“Well—but—we——”

“You have never before been uncharitable,” smiled Mrs. Pangborn. “Try and bear patiently with Miss Olaine. If you knew all about her you would pity her condition, I am sure. No! I cannot tell you. It is not my secret, my dear. But try to understand her better—and do, Dorothy, keep Tavia within bounds!”

The principal knew that this line of pleading would win over Dorothy Dale every time!


CHAPTER IX
AN EXPEDITION AFOOT

“Yes,” said Miss Olaine, who became deeply interested when she thought she had the attention of her class, and the matter under discussion was one that appealed particularly to herself. “What we want in literature is direct and simple English.

“I wish you young ladies to mark this: Epigrams, or flowers of rhetoric, or so-called ‘fine writing,’ does not mark scholarship. The better understanding one has of words and their meanings, the more simply thought may be expressed.

“Do you attend me?” she added, sharply, staring straight at Tavia. “Then to-morrow each of you bring me, expressed in her own language upon paper, her consideration of what simple English means.”

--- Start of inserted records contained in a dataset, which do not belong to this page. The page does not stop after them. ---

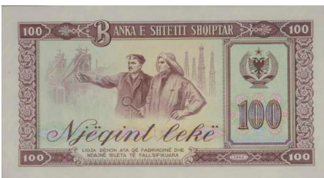
Sh. Metalurg dhe naftëtar, në sfond Kombinati Metalurgjik. Djathtas stema e republikës, vlera dhe viti i shtypjes. Sipër "BANKA E SHETIT SHQIPTAR"; poshtë "LIGJA DËNON ATA QË FABRIKOJNË DHE NDAJNË BILETA TË FALSIFIKUARA".
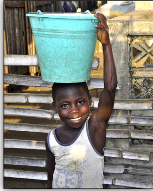
Bandele aus Afrika (Kenia)
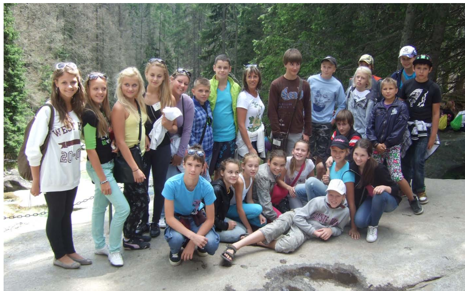
«Pūpolītis» Augstajos Tattros.

10. augustā sešos no rīta devāmies tālajā ceļā cauri Lietuvai uz Poliju, kur Krakovā bija mūsu pirmās naktsmājas. Nākamajā rītā devāmies uz Slovākiju. Augstie Tatri pārsteidza mūs ar savu varenumu. Lai
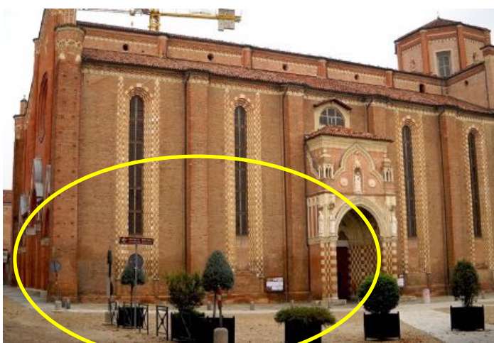
Prima dell'installazione nel 2018
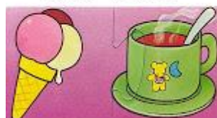
frío - caliente
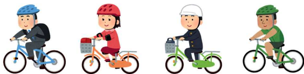
令和4年中道内自転車事故死傷者数のうち ヘルメット着用者・非着用者割合
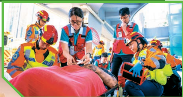
▶部門去年十月十五日聯同康樂及文化事務署、警務處、民政事務總署、民眾安全服務隊及醫院管理局（醫管局），在香港單車館舉行突發事故演習。圖示救護人員聯同醫管局醫護人員為傷者進行分流及處理傷勢。
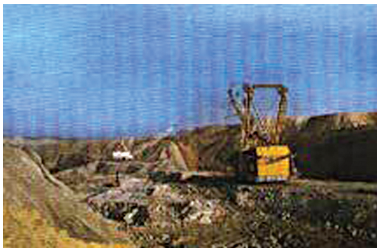
चित्र 5.2 : कोयले की एक खान।

वायु में गर्म करने पर कोयला जलता है और मुख्य रूप से कार्बन डाइऑक्साइड गैस उत्पन्न करता है।
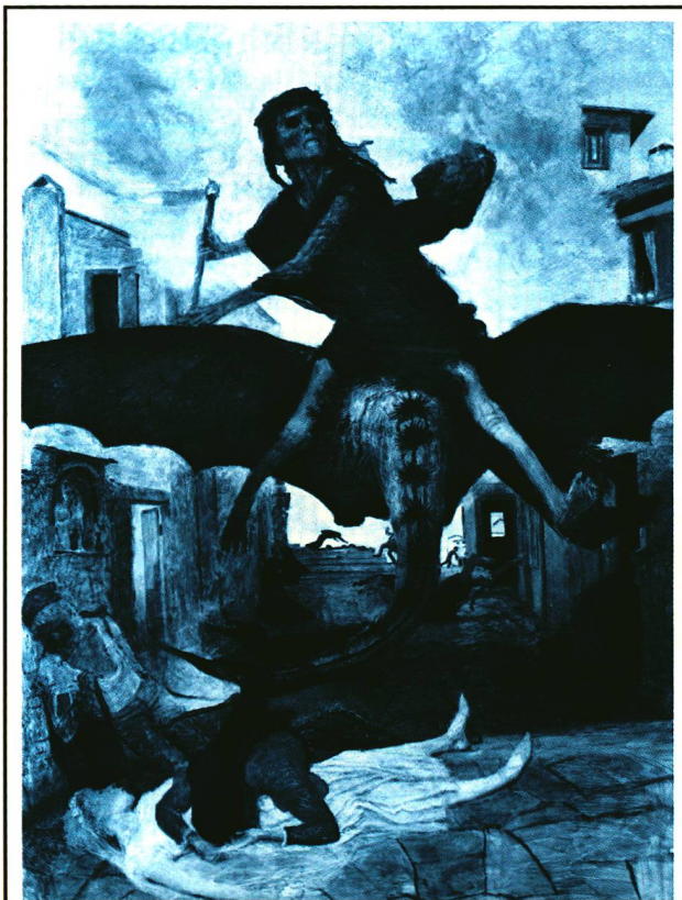
Arnold Böcklin: Die Pest (1898). Depositum der Eidg. Gottfried-Keller-Stiftung, Kunstmuseum Basel. Im 19. Jahrhundert waren die Schrecken der Pest noch tief in der Vorstellungswelt verankert. Dennoch haben andere Faktoren das Bevölkerungswachstum der Schweiz mehr gebremst.

mangels Besitz normalerweise ledig geblieben wären, plötzlich in der Lage, sich zu verhehlichen: sie übernahmen die Höfe von den verstorbenen Herren und vermochten so, eigene Familien zu ernähren. Die anschließende Erhöhung der Geburtenzahlen trug rasch dazu bei, die Anzahl der Epidemieopfer zu kompensieren. Hingegen wirkten wiederkehrende Hungersnöte — und allen voran jene vom Ende des 17. Jahrhunderts — als die eigentlichen Hemmnisse des Bevölkerungswachstums. In solchen Mangeljahren erhöhte sich nicht nur die Sterberate, sondern es sahen sich auch viele Menschen zur Auswanderung gezwungen — zum Beispiel nach Frankreich und Italien. Doch im Gegensatz zur landläufigen Meinung verliesen die Menschen ihre Heimat weniger, um sich als Söldner zu verdingen, denn um weiterhin ihren Beruf auszuüben. Prof. Mattmüller zählte allein für die Region Basel am Ende des 17. Jahrhunderts auf sechs Todesfälle eine Person, die auswanderte.
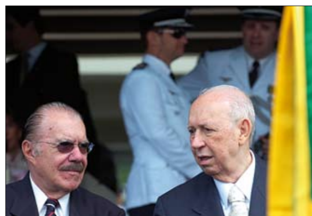
Ao lado do presidente do Senado, José Sarney, em uma das suas interinidades na Presidência. Subindo a rampa do Congresso, como vice eleito de Lula, e na sessão de abertura do ano legislativo, em fevereiro de 2010

retorno para esta tarde. O governo federal decretou luto de sete dias. O senador Fernando Collor (PTB-AL) lamentou o falecimento em nota. – O Brasil perde um dos homens mais lúcidos da nossa política. Um homem contemporâneo do seu tempo.
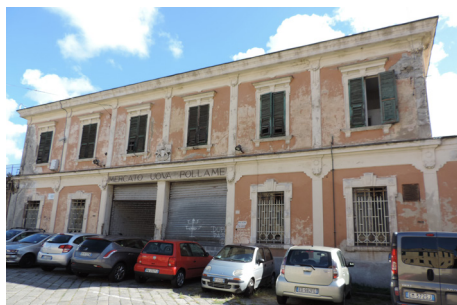
Figura 11. Mercat d'ous de corral, Campasso, Gènova. La façana principal

Figure 10. The Soldier's House, Genova. Detail of the main entrance, typical of rationalist style, actually abandoned
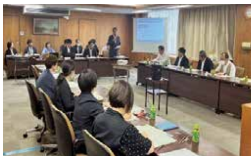
障がい者雇用会議の様子

草の根で地域資源と雇用側をつなぎ、就業支援の仕組みづくりの実現に向けた世の中づくりが必要だと感じています。
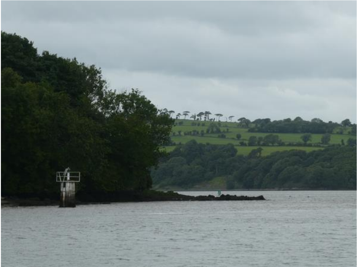
De Sour, onderweg naar Dunmore East.

losgooien. De buurvrouw stond met een pikhaak in haar hand naast het windmolentje om mij in geval van nood weg te duwen. Gelukkig hoefde zij niet in actie te komen. Toen de achterlijn was losgegooid draaide ik uitgewuifd door de bureen mooi de rivier op.
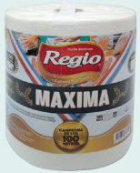
Regio MAXIMA 1312660
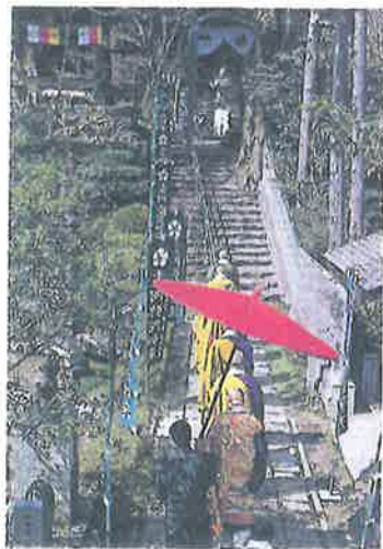
四月一日 土砂加持法要の行堂

平安時代後期 奥ノ院遍照院の本尊 もとは酒吞童子で知られる丹波の国大江山の守護として安置されていたが、その後仏岳山に勧請された
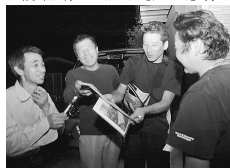
昨年行われた後継者の訪問行動

春の仲間づくり運動は、仕事とくらしの要求実現や、土建国保やどけん共済などの諸制度の維持と改善などに向けた「仲間を増やす」ことを目的としていますが、もうひとつの位置づけは、『組織強化』です。
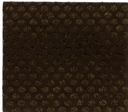
品番 SK 30016/1011
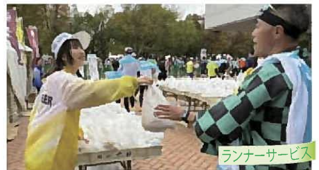
ランナーサービス
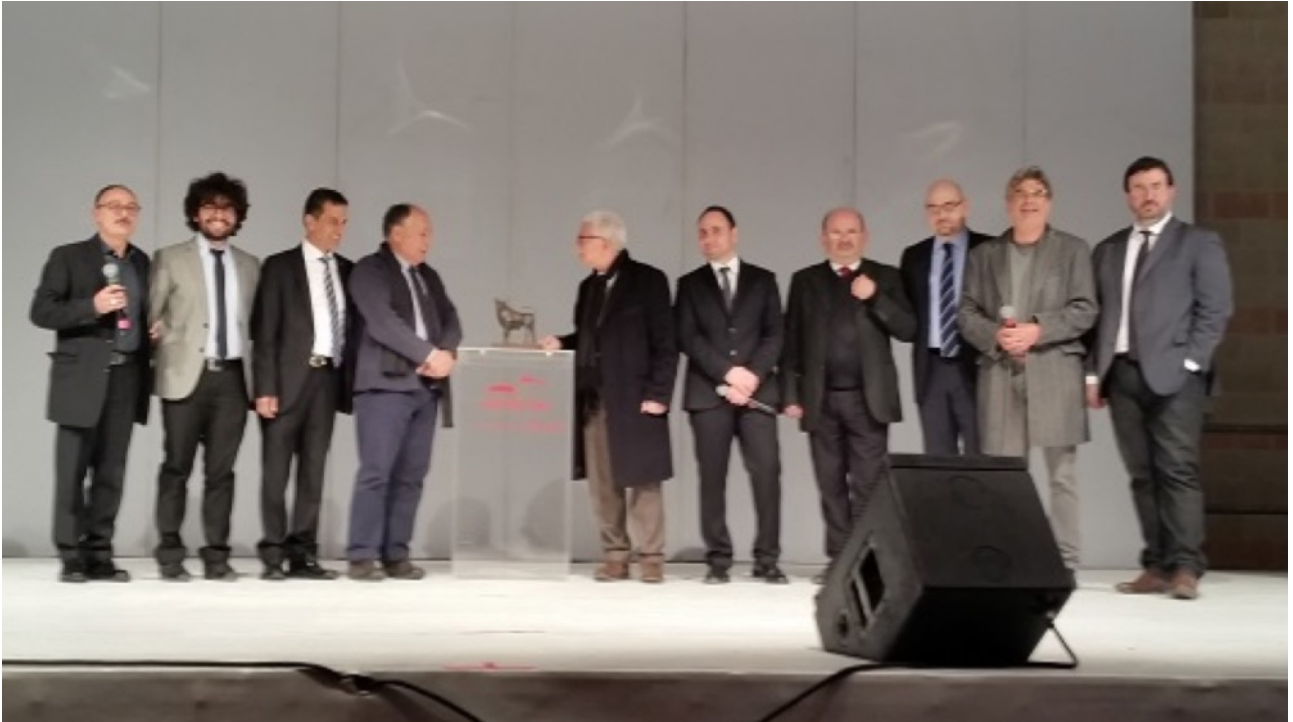
Serata di premiazione EIFF - Campi Salentina 2014

Il Festival promuove il dibattito nella società contemporanea sui temi cruciali della convivenza umana e promuove i valori dell'accoglienza e della solidarietà.
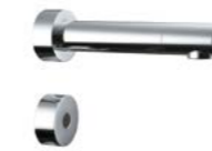
BECS LAVABO MURAL À DÉTECTION ÉLECTRONIQUE SÉPARÉE OKYRIS 2 CLINIC

Avec cellule de détection séparée du bec (de 80 à 120 mm). À équiper d'un boîtier électronique piles ou secteur. Bec fondu fixe monofluide avec brise-jet étoilé antibactérien et anticalcaire. Distance de détection pré-réglée à 147 mm, réglable manuellement de 50 à 250 mm. Mode de fonctionnement pré-réglé "lave-mains" modifiable avec télécommande en option. Fonctions : rinçage automatique, désinfection et nettoyage programmables avec la télécommande en option. Sécurité : arrêt de l'écoulement après 55 secondes. Boîtier électronique au choix : piles ou secteur (en option). Débit : 9 l/mn sous 3 bars.
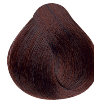
66.62 - Louro Escuro Vermelho Especial Irisado
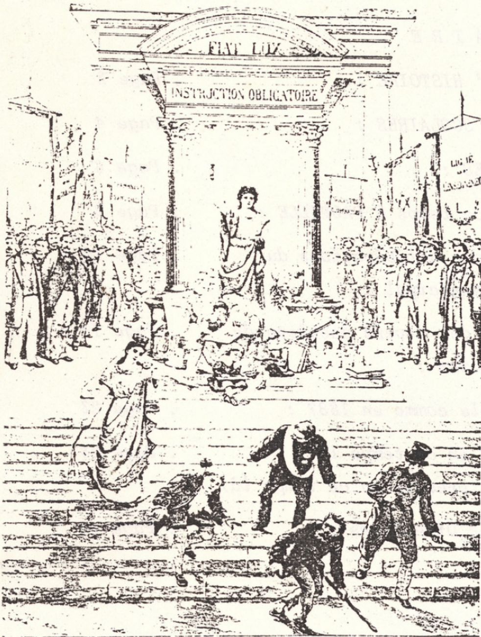
L'INSTRUCTION, C'EST LA LUMIÈRE.
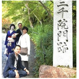
③ 大原三千院宝泉院

And Tavia received another “condition” for presenting and reading aloud to the class, as requested, the following:

“Those conglomerated effusions of vapid intellects, which posed in lamented attitudes as the emotional and intellectual ingredients of fictional realism, fall far short of the obvious requirements of contemporary demands and violate the traditional models of the transcendent minds of the Elizabethan era of glorious memory.”